§ **WHAT THE EXERCISE ASKS**:
If a picture appears in the records, skip it; copy everything else exactly.

= Beginning of Section =

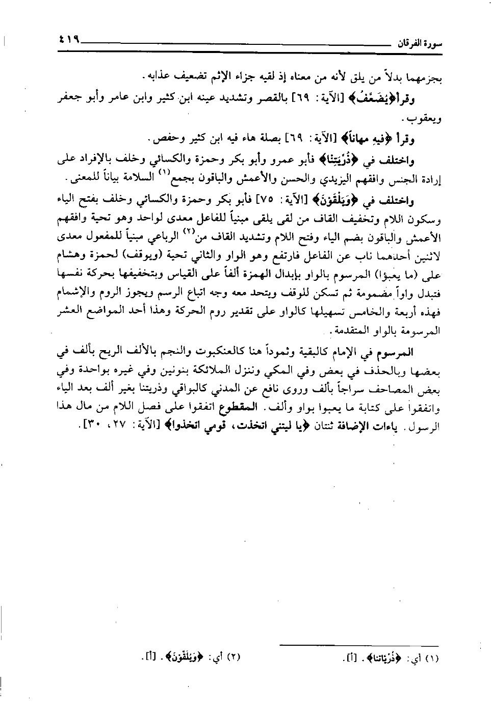 المرسوم في الإمام كالبقية وثمودا هنا كالعنكبوت والنجم بالألف الريح بألف في بعضها, وبالحذف في بعض وفي المكي وننزل الملائكة بنونين, وفي غيره بواحدة وفي بعض المصاحف سراجا بألف, وروى نافع عن المدني كالبواقي وذريتنا بغير ألف بعد الياء, واتفقوا على كتابة ما يعبوا بواو وألف. المقطوع اتفقوا على فصل اللام من مال هذا الرسول. ياءات الإضافة ثنتان: "يا ليتني اتخذت، قومي اتخذوا" [الآية: 27، 30] .
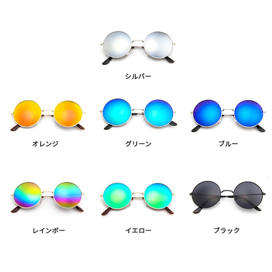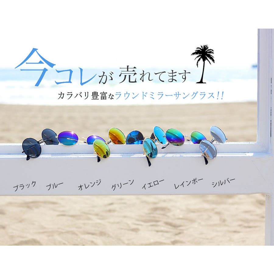 服のカラーと合わせた統一感ある着こなしもおすすめ。夏の紫外線対策としてオシャレ丸型ミラーサングラスは女子の必需品♪
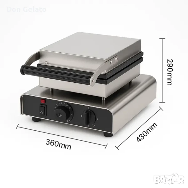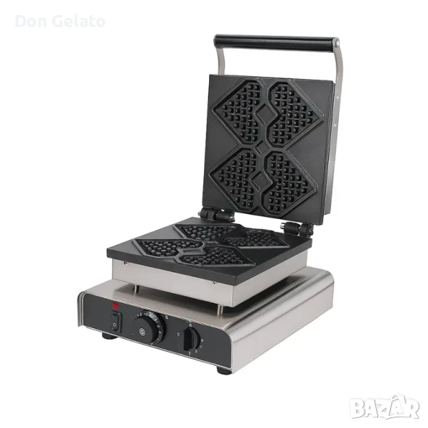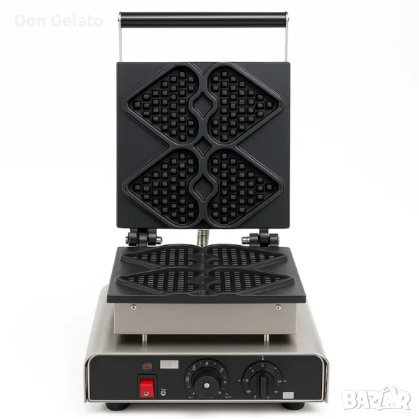 Професионалният гофретник Hearts Waffle от Don Gelato е създаден за атрактивно приготвяне на четири гофрети с форма на сърца на клечка – идеални за събития, сезонни кампании и постоянен асортимент в заведенията. С мощност от 1750W, корпус от неръждаема стомана и алуминиеви плочи с незалепващо покритие, уредът съчетава бързина, стил и ефективност.
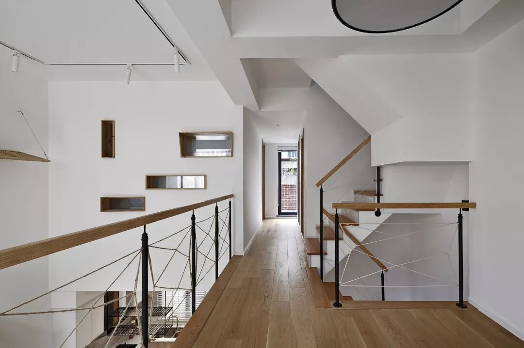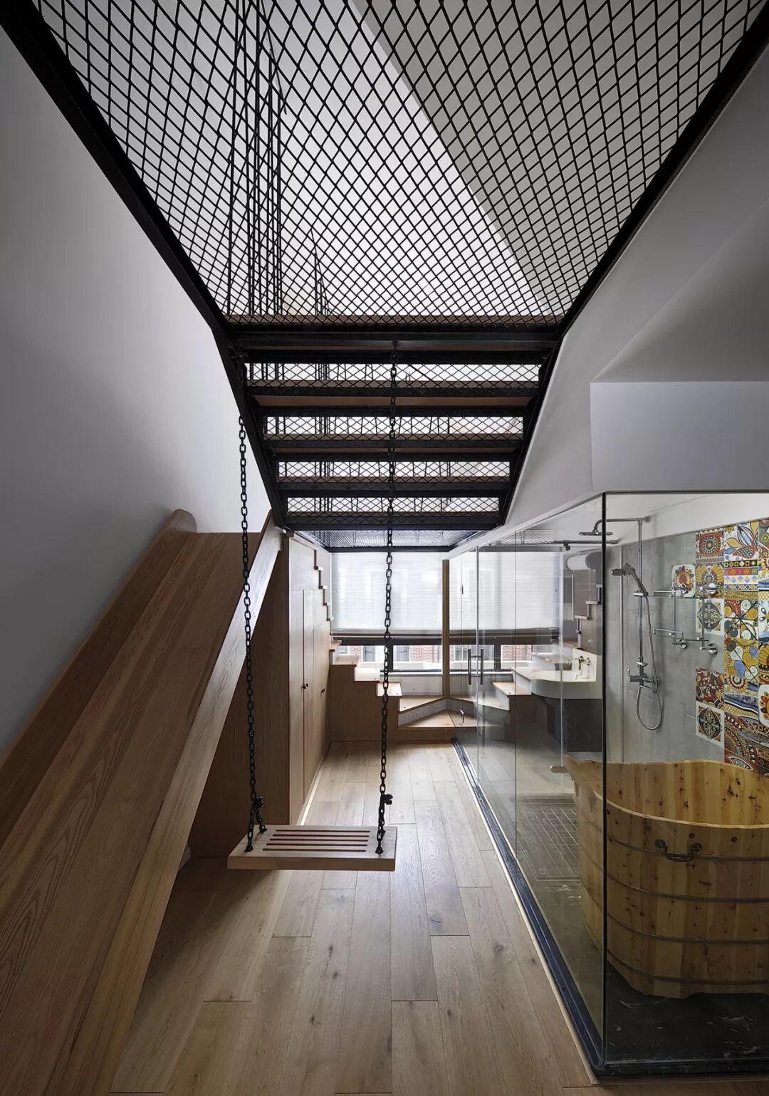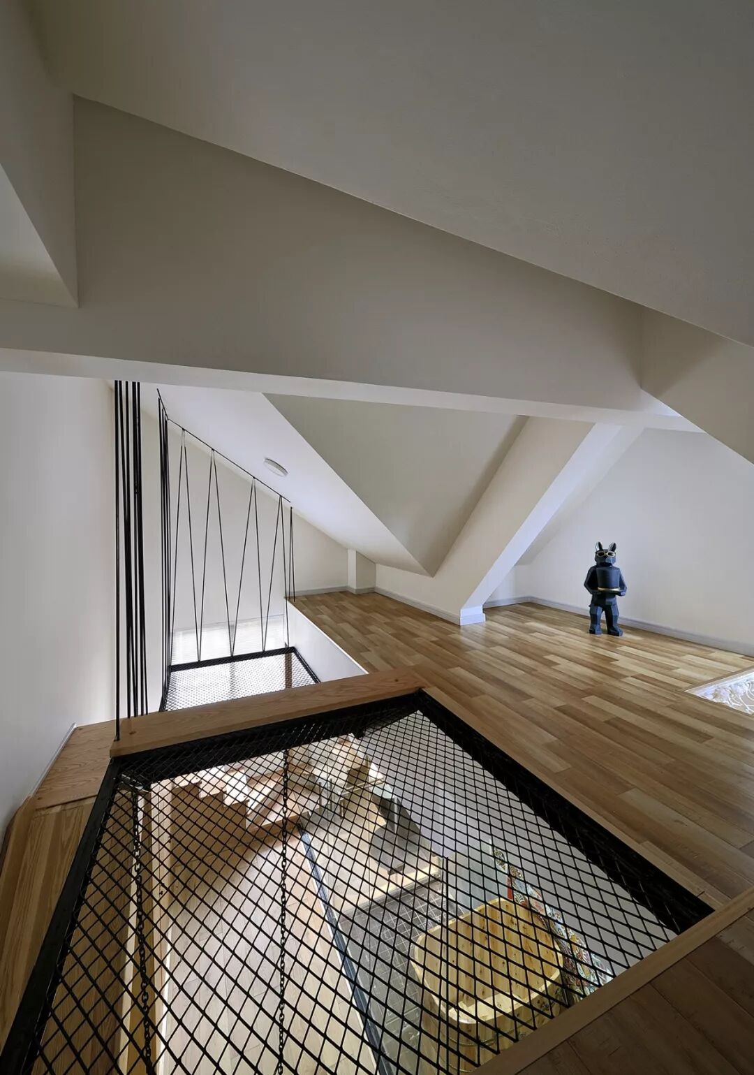 以四楼和阁楼为例,这里主要作为儿童活动的场所,但是由于阁楼只有一个老虎窗,设计师为了最大程度利用空间,没有选择按照常见的那样安装倒楼板,而是用钢结构和网格,让上下两层既分开又通透。
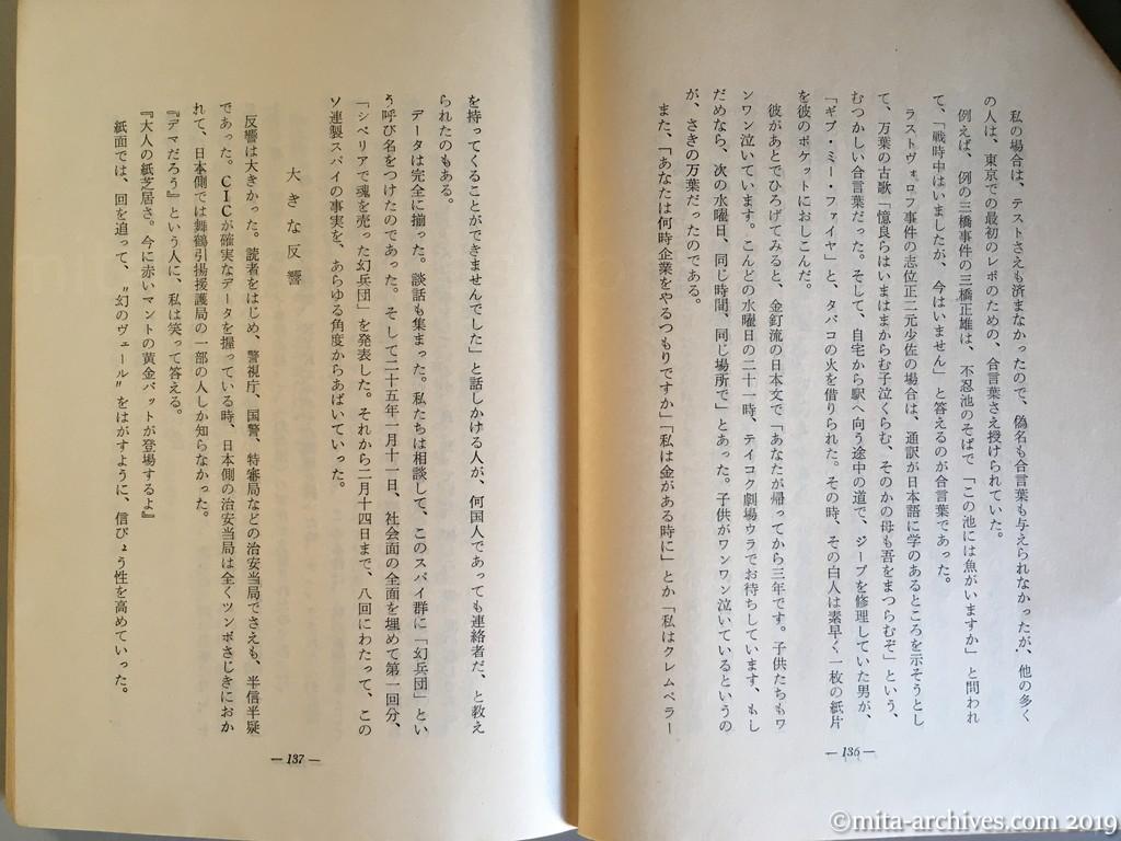 the-last-scoop-reporter_074 ← 前へ 次へ → 最後の事件記者 p.136-137 データは完全に揃った。談話も集まった。私たちは相談して、このスパイ群に「幻兵団」という呼び名をつけたのであった。
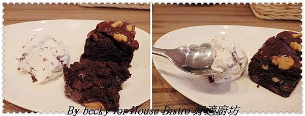 送上來時布朗尼是熱騰騰的,搭配著旁邊的巧克力脆片冰淇淋,布朗尼裡頭有著核桃果,搭配著吃很脆香,雖然是熱騰騰的,但卻是很甜膩,配著冰淇淋吃可以沖淡一些甜味,但還是很甜。
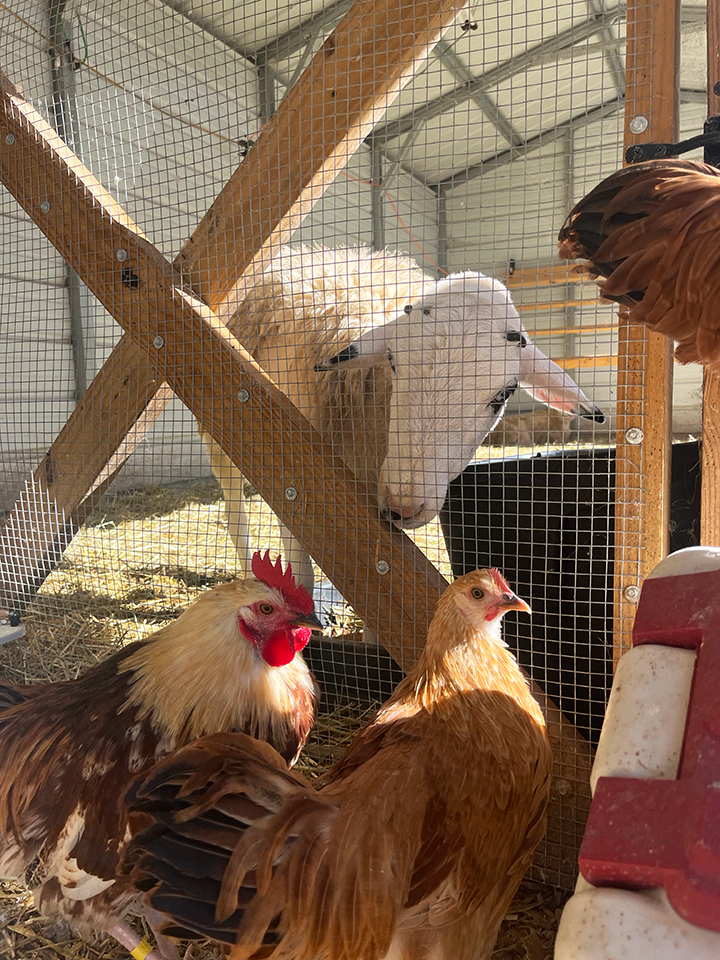 A surprise snowy-morning arrival, Stanley was hand-raised by staff after being rejected by his first-time mom. Curious, playful, and always greeting caregivers with a cheerful ‘baa,’ he grew into a confident young sheep. Lambert became his best bud, guiding him through life at the rescue. Now, Stanley carries on with the same curiosity and playful spirit they shared—still keeping a watchful eye on the flock and holding out hope that he can grab a bite of the emus’ salads.

= End of Section =

§ **SOLUTION FOR THIS EXERCISE**:
 المرسوم في الإمام كالبقية وثمودا هنا كالعنكبوت والنجم بالألف الريح بألف في بعضها, وبالحذف في بعض وفي المكي وننزل الملائكة بنونين, وفي غيره بواحدة وفي بعض المصاحف سراجا بألف, وروى نافع عن المدني كالبواقي وذريتنا بغير ألف بعد الياء, واتفقوا على كتابة ما يعبوا بواو وألف. المقطوع اتفقوا على فصل اللام من مال هذا الرسول. ياءات الإضافة ثنتان: "يا ليتني اتخذت، قومي اتخذوا" [الآية: 27، 30] .
 服のカラーと合わせた統一感ある着こなしもおすすめ。夏の紫外線対策としてオシャレ丸型ミラーサングラスは女子の必需品♪
 Професионалният гофретник Hearts Waffle от Don Gelato е създаден за атрактивно приготвяне на четири гофрети с форма на сърца на клечка – идеални за събития, сезонни кампании и постоянен асортимент в заведенията. С мощност от 1750W, корпус от неръждаема стомана и алуминиеви плочи с незалепващо покритие, уредът съчетава бързина, стил и ефективност.
 以四楼和阁楼为例,这里主要作为儿童活动的场所,但是由于阁楼只有一个老虎窗,设计师为了最大程度利用空间,没有选择按照常见的那样安装倒楼板,而是用钢结构和网格,让上下两层既分开又通透。
 the-last-scoop-reporter_074 ← 前へ 次へ → 最後の事件記者 p.136-137 データは完全に揃った。談話も集まった。私たちは相談して、このスパイ群に「幻兵団」という呼び名をつけたのであった。
 送上來時布朗尼是熱騰騰的,搭配著旁邊的巧克力脆片冰淇淋,布朗尼裡頭有著核桃果,搭配著吃很脆香,雖然是熱騰騰的,但卻是很甜膩,配著冰淇淋吃可以沖淡一些甜味,但還是很甜。
 A surprise snowy-morning arrival, Stanley was hand-raised by staff after being rejected by his first-time mom. Curious, playful, and always greeting caregivers with a cheerful ‘baa,’ he grew into a confident young sheep. Lambert became his best bud, guiding him through life at the rescue. Now, Stanley carries on with the same curiosity and playful spirit they shared—still keeping a watchful eye on the flock and holding out hope that he can grab a bite of the emus’ salads.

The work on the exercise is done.